The written submissions close with the following statement:
We look forward to your response. If you would like more information please contact…of this office…[12]
[12] Court book page 115.
The purpose and context of the two letters which were submitted with the post interview submission was revealed in paragraph 1.4 of those submissions which relevantly stated:
The Applicant gave evidence that he was still wanted in Sri Lanka and that he fears he would be abducted upon his return. The Applicant has sought evidence from his father of the risks he would face if he was returned to Sri Lanka. On his behalf, his father obtained letters from the local Member of Parliament and Justice of the Peace attesting to this fear. We enclose these letters with this submission.[13]
[13] Court book page 105.
On 22 September 2016, the Minister refused to grant the applicant a SHEV under section 36(2)(a) and (aa) of the Act.[14] The delegate accepted that the applicant’s cousin was kidnapped and held for ransom but was not satisfied that the applicant faced a real chance of harm on this basis. The delegate was not satisfied that the applicant’s father had been threatened as claimed. The delegate did not refer to the letters provided on the applicant’s behalf.
[14] Court book page 120.
By letter dated 28 September 2016, the applicant was advised that the delegate’s decision to refuse his protection visa was referred to the IAA for review.[15] This correspondence advised the applicant that he could provide a written statement as to why he disagreed with the Minister’s decision and any claim or matter that he presented to the Minister that was overlooked.[16] It also stated that such submission should be provided within 21 days of the referral and explained the limited circumstances in which new information could be considered.[17]
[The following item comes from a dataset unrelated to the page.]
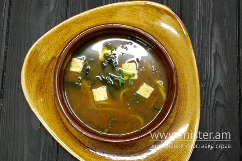 Бульйон Місо, локшина Рамен, сир Тофу, водорості вакаме, цибуля зелена, кінза.
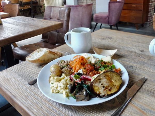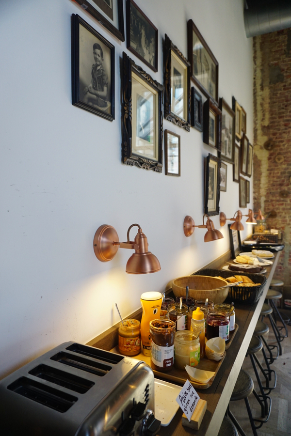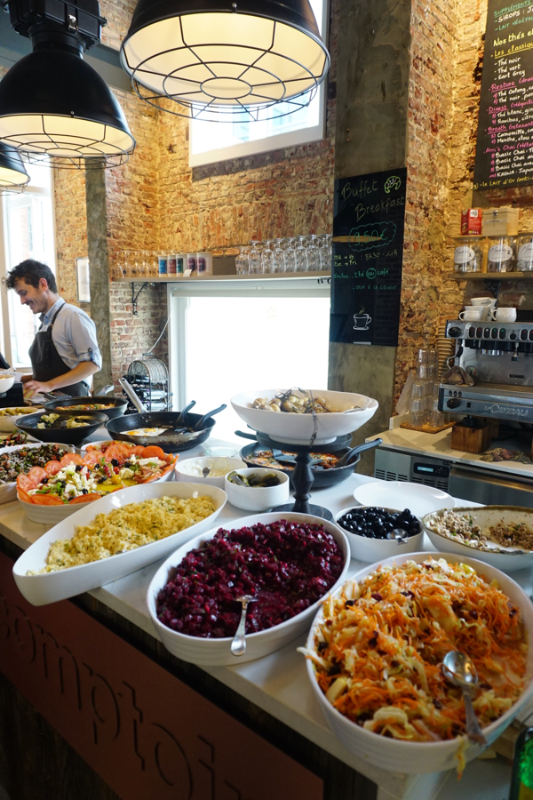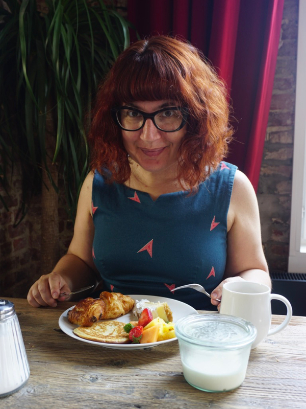 Bref, au final, le prix de ce brunch m’a paru tout à fait justifié. D’autant que j’ai adoré l’atmosphère de la salle: son plafond haut, ses murs de brique nue, la lumière qui entre à flots par les grandes fenêtres, la déco chaleureuse et confortable avant tout. J’ai même repéré un poêle devant lequel il doit être bon camper en hiver. Et puisqu’il y a du wifi, j’envisage de revenir très bientôt travailler ici un matin histoire de me goinfrer de ces divins mini-pains au chocolat profiter du buffet petit déjeuner. Une adresse que je recommande chaudement.

[15] Court book pages 129 to 138.
[16] Court book pages 130 to 131.
[17] Court book pages 131 to 134.
Relevantly, the applicant called the IAA on 30 September 2016 in relation to the correspondence he had received. The file note of that discussion reflects that:
a)the applicant asked for clarification of the correspondence he had received; and
b)when asked if the applicant had a migration agent, the applicant stated that he did.[18]
[18] Court book page 139.
The IAA’s reasons
On 23 January 2017, the IAA affirmed the delegate’s decision under section 473CC(2)(a) of the Act.[19]
[19] Court book pages 141 to 162.
The IAA accepted that it was plausible that the applicant’s cousin had been abducted and a ransom was demanded.[20] The IAA was willing to accept that the applicant’s father had been perceived to be wealthy, and had therefore been the subject of a threat and ransom demand by the same people.[21]
[20] Court book page 145 at paragraph [8].
[21] Court book page 146 at paragraph [9].
However, in light of the applicant’s own evidence, the IAA found that:
The applicant and his family did not know who abducted his cousin or threatened the applicant and there is not enough evidence before me to satisfy me that it was the Sri Lankan authorities.[22]
[22] Court book page 146 at paragraph [10].
The IAA also referred to the applicant’s post-interview submissions and the two letters provided to the delegate together with that submission. Relevantly, the IAA:
a)did not accept that the applicant was perceived to be associated with the LTTE by the Sri Lankan authorities;[23]
b)
accepted that the letter from the Justice of the Peace dated
18 January 2016 corroborated parts of the applicant’s claims but was concerned that some aspects of that letter were inconsistent with the applicant’s claims and therefore gave little weight to that letter in its assessment;[24] and
c)noted that the claims made in the letter from a member of Parliament dated 18 January 2016 about the applicant’s support for the ‘Tamil struggles’ and ‘our party’ were not consistent with the applicant’s claims and therefore again gave little weight to this letter in its assessment.[25]
[23] Court book page 146 at paragraph [11].
[24] Court book pages 146 to 147 at paragraph [12].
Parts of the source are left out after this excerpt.